- Directed by: Fred Williamson
- Written by: Fred Williamson
- Starring: Fred Williamson Jim Brown Richard Roundtree Jim Kelly
- Music by: Herb Hetzer Joe Trunzo
- Production company: Po' Boy Productions
- Release date: 11 November 1982;
- Running time: 84 minutes
- Language: English
- Budget: $4 million
- Box office: $1 million

= One Down, Two to Go =

One Down, Two to Go is a 1982 American blaxploitation action drama film written and directed by Fred Williamson and starring Williamson, Jim Brown, Richard Roundtree and Jim Kelly. This is the third film to star Williamson, Brown, and Kelly, following Three the Hard Way and Take a Hard Ride. Williamson, Brown, and Roundtree would reunite nearly fifteen years later in Original Gangstas.

==Synopsis==
Chuck Wells (Jim Kelly) and his partner Ralph Dart (Richard Roundtree) are the owners of the International Martial Arts dojo which is located in Los Angeles. A martial arts tournament is taking place with a prize of $400,000. Chuck and Ralph have their best student enter the event. The organizer of the event Frank Rossi. Rossi is in alliance with mobster Gabe Mario who has put up half of the prize money. Rossi tries to fix the tournament so that the outcome will be the way he wants it. Chuck becomes aware of this and Rossi learns that he is in the know. He sends his henchmen out who shoot Chuck in the chest. However the shooting isn't lethal. The efforts of the organizers to rig the tournament aren't successful and the student from the International Martial Arts dojo wins the tournament. The prize money is promised to Ralph the next morning but Mario goes back on his word.
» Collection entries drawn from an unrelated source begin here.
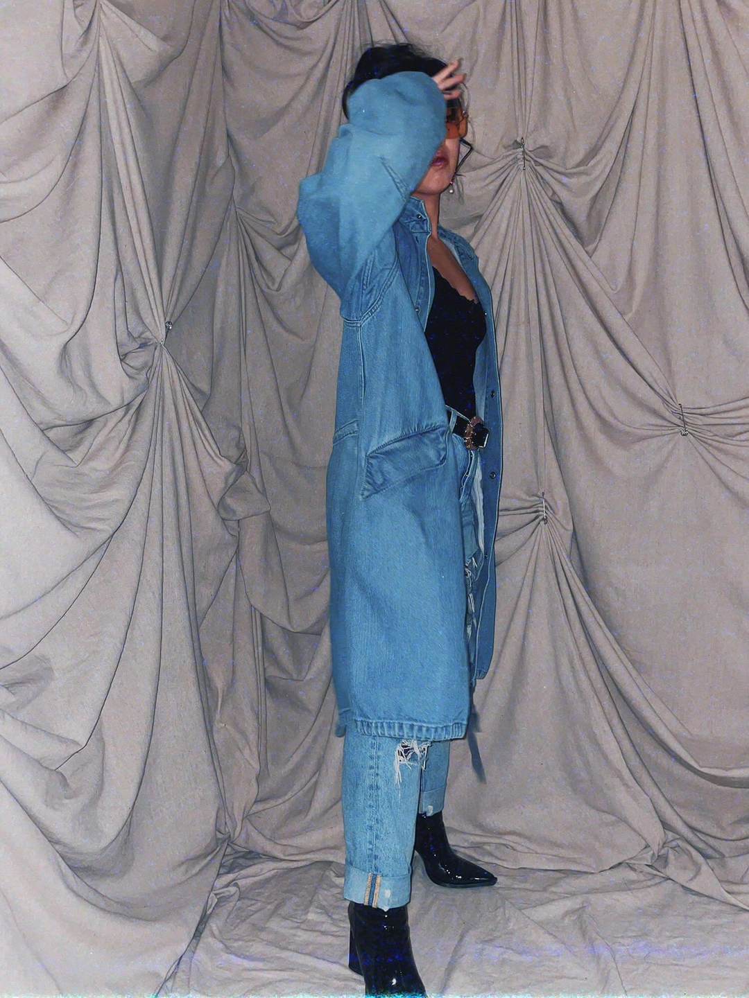 blue midi denim long coat jacket outerwear parka
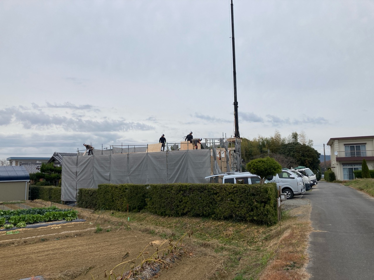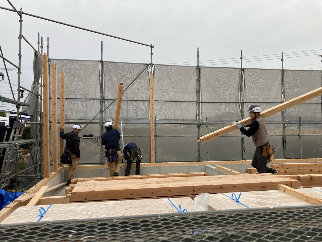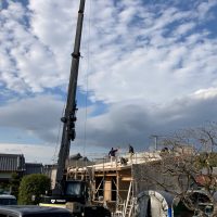 先週の北世帯に引き続き、今度は南世帯の上棟日を迎えました。先週からの予報では雨模様が心配されていましたが、空一面の曇天の割には雨粒ひとつ降らず、気温も先週の快晴より今日の方が暖かいのでは?という作業のしやすい日となりました。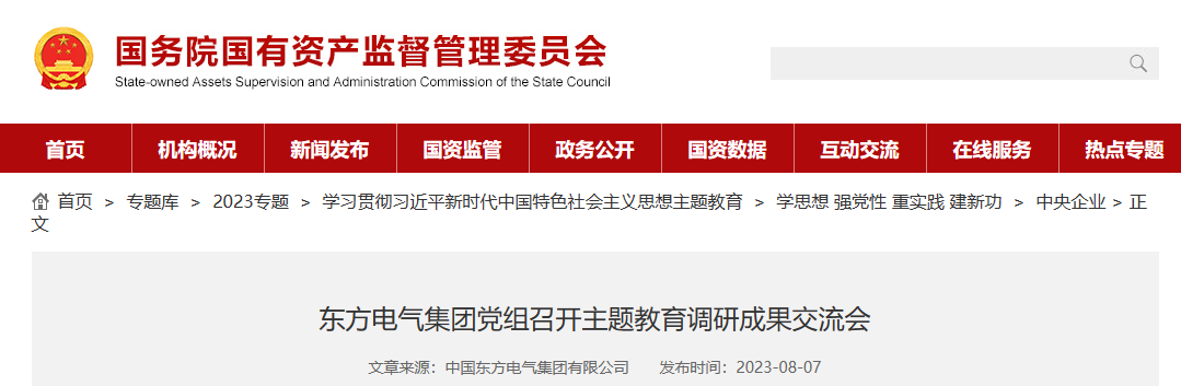克日,,,,,,东方电气集团召开党组理论学习中心组扩大学习暨主题教育调研效果交流会,,,,,,围绕调研效果,,,,,,深入交流钻研、厘清问题体现、深刻剖析泉源,,,,,,推动主题教育走深走实,,,,,,确保取得实着实在效果。。。。。。。。中央主题教育第四十六指导组到会指导。。。。。。。。

In amongst this, Chuck manages to get to an alley behind a tavern where his girlfriend Teri works. He tells her and her co-worker to let Ralph know about the shooting and to contact his two associates in California, Cal and J. Cal (Fred Williamson) and J (Jim Brown) are a couple of tough cops who go after the mob that jinxed the martial arts tournament Peter Dane plays Rossi and Victoria Hale plays his wife Maria. Mario is played by Tom Signorelli.

==Production==
In order to make the fights look more authentic during the fictitious martial arts tournament in the opening of the film they are in fact real and not staged, the winner of each fight got paid $500 and the loser $100.

==Cast==
- Fred Williamson as Cal
- Jim Brown as "J"
- Jim Kelly as Chuck
- Richard Roundtree as Ralph
- Paula Sills as Teri
- Laura Loftus as Sally
- Joe Spinell as Joe Spangler
- Tom Signorelli as Mario
- John Gruitz as Bob
- Richard Noyce as Hank
- Peter Dane as Ross
- Victoria Hale as Mrs. Rossi
- Warrington Winters as Sheriff Lucas
- Louis Neglia as Armando
- Aaron Banks as The Announcer

==Reception==
The film opened November 11, 1982 at the Woods Theatre in Chicago. It had grossed over $1 million in its first month.